この辺りのキャストと演出がすごくちょうどいいです。サム・ロックウェルは、乱暴な人間にみえて実は人として一番大切なものを持っている人間をやらせたらもはや職人芸だと思います。「スリー・ビルボード」しかり、「プールサイド・デイズ」しかり。

タイカ・ワイティティ監督自身が演じたジョジョのイマジナリーフレンドであるアドルフ・ヒトラーも似ているようで微妙に似ていないメイク。これも10歳の少年の空想の友達であることやヒトラーへの皮肉が込められているようでドラマとコメディをうまく合わせた演出に感じました。

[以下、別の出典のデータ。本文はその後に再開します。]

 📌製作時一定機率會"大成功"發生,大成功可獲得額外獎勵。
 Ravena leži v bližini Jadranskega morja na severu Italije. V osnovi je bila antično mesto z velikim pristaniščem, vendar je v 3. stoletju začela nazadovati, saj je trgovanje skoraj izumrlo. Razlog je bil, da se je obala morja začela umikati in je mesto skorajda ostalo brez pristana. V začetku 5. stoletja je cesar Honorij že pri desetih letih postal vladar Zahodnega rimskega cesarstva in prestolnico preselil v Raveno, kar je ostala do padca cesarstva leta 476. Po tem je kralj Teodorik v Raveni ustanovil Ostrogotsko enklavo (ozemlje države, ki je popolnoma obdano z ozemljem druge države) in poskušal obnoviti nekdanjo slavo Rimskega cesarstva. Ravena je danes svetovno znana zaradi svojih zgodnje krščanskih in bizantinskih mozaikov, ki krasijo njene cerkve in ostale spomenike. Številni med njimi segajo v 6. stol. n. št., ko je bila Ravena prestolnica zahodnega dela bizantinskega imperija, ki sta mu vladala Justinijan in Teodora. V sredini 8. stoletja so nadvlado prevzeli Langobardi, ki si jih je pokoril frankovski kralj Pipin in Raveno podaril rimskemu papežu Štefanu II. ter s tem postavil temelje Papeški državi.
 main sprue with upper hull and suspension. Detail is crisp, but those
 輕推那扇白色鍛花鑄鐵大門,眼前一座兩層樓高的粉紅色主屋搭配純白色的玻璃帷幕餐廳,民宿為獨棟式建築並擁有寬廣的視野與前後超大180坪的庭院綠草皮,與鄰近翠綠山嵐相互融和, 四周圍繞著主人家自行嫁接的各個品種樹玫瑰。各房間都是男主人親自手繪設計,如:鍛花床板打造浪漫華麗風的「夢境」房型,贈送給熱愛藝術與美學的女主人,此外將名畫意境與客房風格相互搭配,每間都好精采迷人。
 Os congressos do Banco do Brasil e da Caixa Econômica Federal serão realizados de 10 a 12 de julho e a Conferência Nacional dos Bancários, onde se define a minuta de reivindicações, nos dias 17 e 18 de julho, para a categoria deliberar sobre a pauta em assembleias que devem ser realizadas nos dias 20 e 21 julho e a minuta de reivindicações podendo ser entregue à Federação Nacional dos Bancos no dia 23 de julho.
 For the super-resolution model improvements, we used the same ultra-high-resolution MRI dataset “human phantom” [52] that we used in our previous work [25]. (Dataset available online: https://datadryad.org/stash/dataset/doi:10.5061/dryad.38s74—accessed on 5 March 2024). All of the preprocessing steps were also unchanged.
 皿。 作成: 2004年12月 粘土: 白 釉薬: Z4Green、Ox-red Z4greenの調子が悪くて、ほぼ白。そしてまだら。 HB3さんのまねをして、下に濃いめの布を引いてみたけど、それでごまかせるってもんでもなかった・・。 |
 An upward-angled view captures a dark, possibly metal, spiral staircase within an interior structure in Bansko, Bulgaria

トーマサイン・マッケンジーが演じたユダヤ人少女エルサとの関わり方でジョジョが人としてどう変わっていくかというのがわかります。何を信じるかは自由だけれど、人として何をしたらいけないかということをジョジョが実感できる相手です。このジョジョとエルサ、子ども同士の交流だけど、大人でも痛感する大切なこと。このやり取りはすごく胸にくるやり取りです。

他にも母ロージーから何気なく言われたことを後々ジョジョ自身が口にしていたり、さりげないジョジョの成長の演出も素晴らしいです。


「第二次世界大戦を再び描くことに意味がある」と監督が言っているように、この繰り返してはいけない歴史を忘れないことに意味があると思える作品です。内容はかなりシリアスな場面もありますが、ほどよくコメディタッチで見やすい映画だと思います。